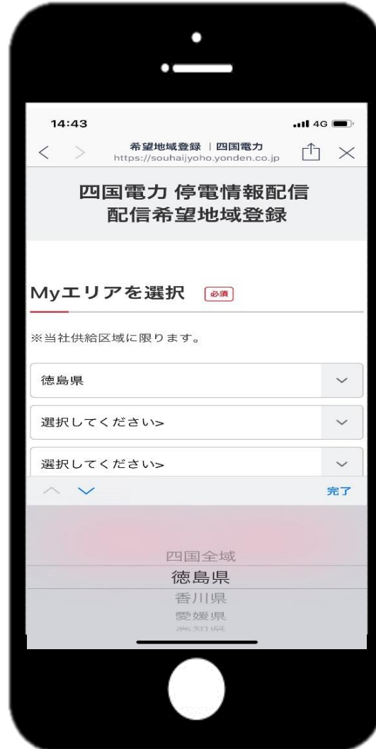
②四国全域または県を選択
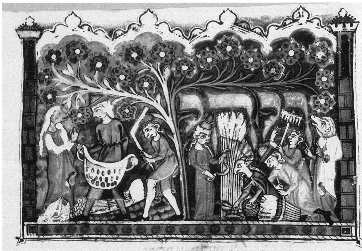
9 Szene aus dem Buch Ruth, Miniatur aus dem 3-bändigen Machsor , London, British Library, Ms. Add. 22413, fol. 71r. – Stilistisch und ikonographisch zeigen sich Beziehungen zu christlichen Handschriften: Die Gesichter im Profil sind denjenigen aus dem Graduale ähnlich (vgl. Abb. 2), die Figur der Schnitterin scheint aus der Manessischen Liederhandschrift übernommen zu sein (vgl. Abb. 10).

Die lokale Eigenart des jüdischen Machsor zeigt sich in der Adaption von Motiven profaner Herkunft ebenfalls, beispielsweise in der Miniatur des Buches Ruth (Abb. 9). Unter den Figuren dieser Illustration ragt eine Schnitterin hervor, die höchstwahrscheinlich Ruth selbst darstellt. Nach einem Midrasch, der in den Jüdischen Altertümern des Josefus Flavius erscheint, befiehlt Boas Ruth, die gerade auf seinem Feld Nachlese vollzieht, zu ernten, statt nur nachzulesen (5. Buch 9, 12). Die hier dargestellte Schnitterin trägt auffallend aristokratische Handschuhe, die in krassem Gegensatz zur Feldarbeit stehen, die sie ausübt. Eine ähnlich «aristokratische» Schnitterin findet sich in der Manessischen Liederhandschrift, die in mehreren Etappen zwischen 1300 und 1340 in Zürich geschaffen wurde (Abb. 10). 29 Die Schnitterin in der Liederhandschrift trägt, ähnlich wie die im Machsor , ein langes, rotes Gewand, ihr Haar quillt unter dem Hut hervor, und lange Handschuhe bedecken ihre Hände und Handgelenke. In ihrer linken Hand hält sie ein Ährenbüschel, in der rechten eine Sichel. In der Liederhandschrift ist sie keine Feldarbeiterin, sondern die Geliebte eines Ritters, die in dem mit dieser Miniatur geschmückten Lied erwähnt wird.
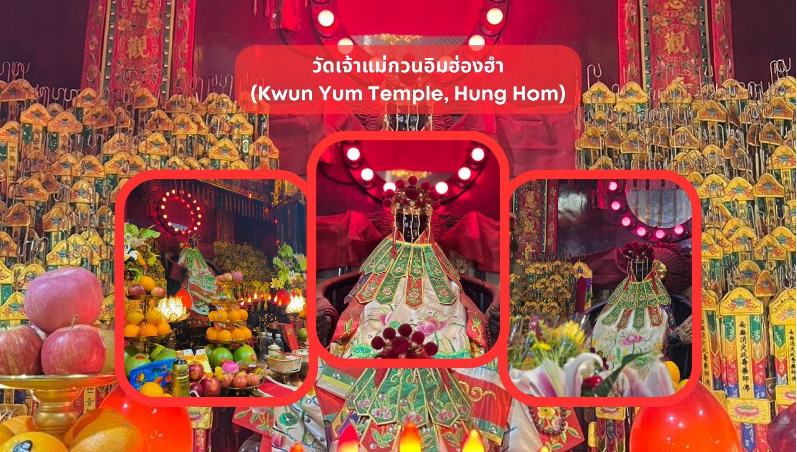
วัดเจ้าแม่กวนอิมฮ่องกง (Kwun Yum Temple, Hung Hom)

รับประทานอาหารเช้า ณ ภัตตาคาร บริการท่านด้วยเมนูติ่มซำฮ่องกง (มื้อที่ 3)
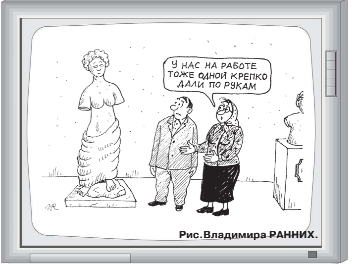
У НАС НА РАБОТЕ ТОЖЕ ОДНОЙ КРЕПКО ДАЛИ ПО РУКАМ
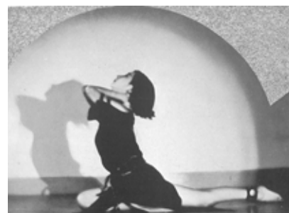
▲ 珍しい写真入りの企業広告も多数
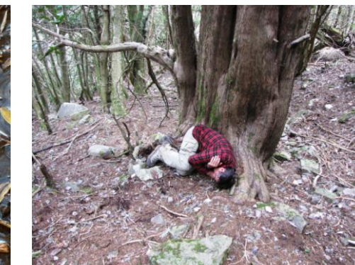
El tejo es un árbol que está sobre la tierra desde mucho antes que el hombre. Debemos respetarlo, conservarlo y venerarlo. Tenemos mucho que aprender de sus hábitos para sobrevivir en las condiciones más adversas.
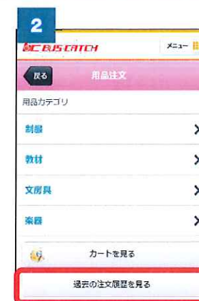
② 「過去の注文履歴を見る」をクリックします。
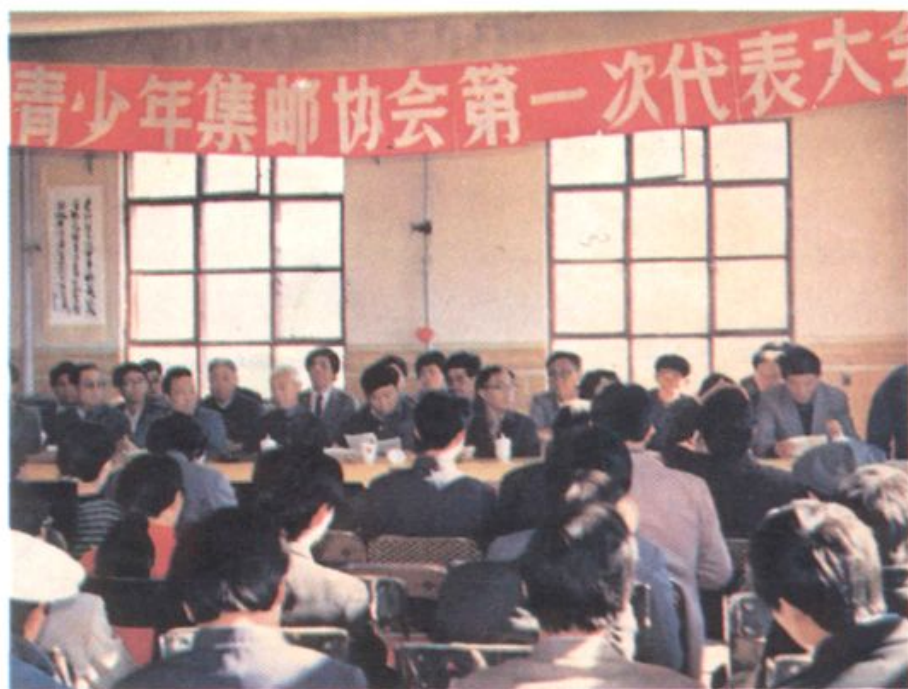
扎兰屯市青少年集邮协会第一届代表大会
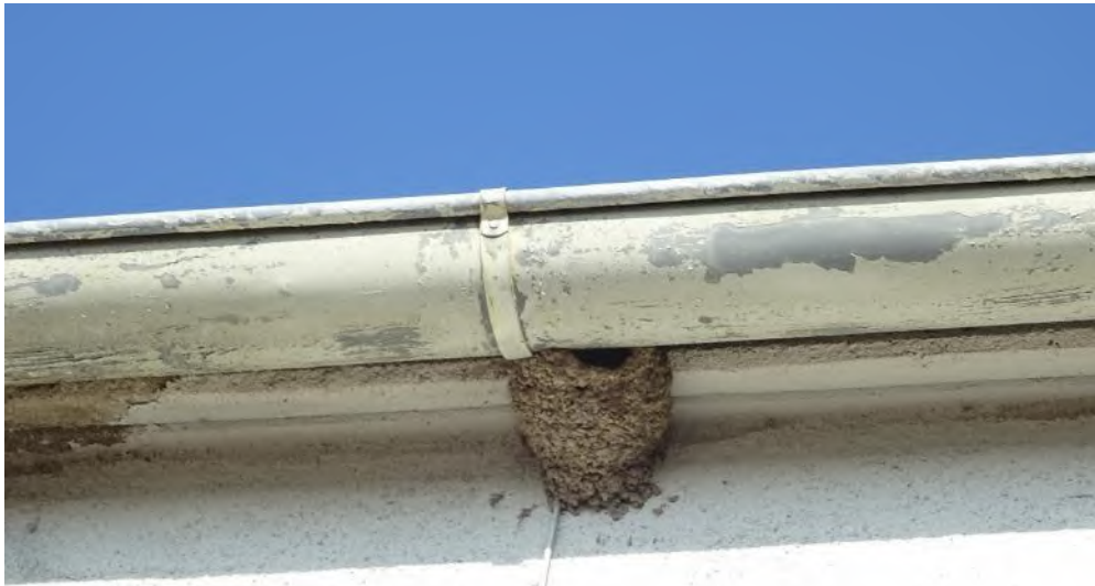
Abbildung 43: Mehlschwalbennest am Abrissgebäude J

» **Exercise aim**
Transcribe all entries above exactly. Omit the pictures.

» **Response to this exercise**
②四国全域または県を選択
9 Szene aus dem Buch Ruth, Miniatur aus dem 3-bändigen Machsor , London, British Library, Ms. Add. 22413, fol. 71r. – Stilistisch und ikonographisch zeigen sich Beziehungen zu christlichen Handschriften: Die Gesichter im Profil sind denjenigen aus dem Graduale ähnlich (vgl. Abb. 2), die Figur der Schnitterin scheint aus der Manessischen Liederhandschrift übernommen zu sein (vgl. Abb. 10).

Die lokale Eigenart des jüdischen Machsor zeigt sich in der Adaption von Motiven profaner Herkunft ebenfalls, beispielsweise in der Miniatur des Buches Ruth (Abb. 9). Unter den Figuren dieser Illustration ragt eine Schnitterin hervor, die höchstwahrscheinlich Ruth selbst darstellt. Nach einem Midrasch, der in den Jüdischen Altertümern des Josefus Flavius erscheint, befiehlt Boas Ruth, die gerade auf seinem Feld Nachlese vollzieht, zu ernten, statt nur nachzulesen (5. Buch 9, 12). Die hier dargestellte Schnitterin trägt auffallend aristokratische Handschuhe, die in krassem Gegensatz zur Feldarbeit stehen, die sie ausübt. Eine ähnlich «aristokratische» Schnitterin findet sich in der Manessischen Liederhandschrift, die in mehreren Etappen zwischen 1300 und 1340 in Zürich geschaffen wurde (Abb. 10). 29 Die Schnitterin in der Liederhandschrift trägt, ähnlich wie die im Machsor , ein langes, rotes Gewand, ihr Haar quillt unter dem Hut hervor, und lange Handschuhe bedecken ihre Hände und Handgelenke. In ihrer linken Hand hält sie ein Ährenbüschel, in der rechten eine Sichel. In der Liederhandschrift ist sie keine Feldarbeiterin, sondern die Geliebte eines Ritters, die in dem mit dieser Miniatur geschmückten Lied erwähnt wird.
วัดเจ้าแม่กวนอิมฮ่องกง (Kwun Yum Temple, Hung Hom)

รับประทานอาหารเช้า ณ ภัตตาคาร บริการท่านด้วยเมนูติ่มซำฮ่องกง (มื้อที่ 3)
У НАС НА РАБОТЕ ТОЖЕ ОДНОЙ КРЕПКО ДАЛИ ПО РУКАМ
▲ 珍しい写真入りの企業広告も多数
El tejo es un árbol que está sobre la tierra desde mucho antes que el hombre. Debemos respetarlo, conservarlo y venerarlo. Tenemos mucho que aprender de sus hábitos para sobrevivir en las condiciones más adversas.
② 「過去の注文履歴を見る」をクリックします。
扎兰屯市青少年集邮协会第一届代表大会
Abbildung 43: Mehlschwalbennest am Abrissgebäude J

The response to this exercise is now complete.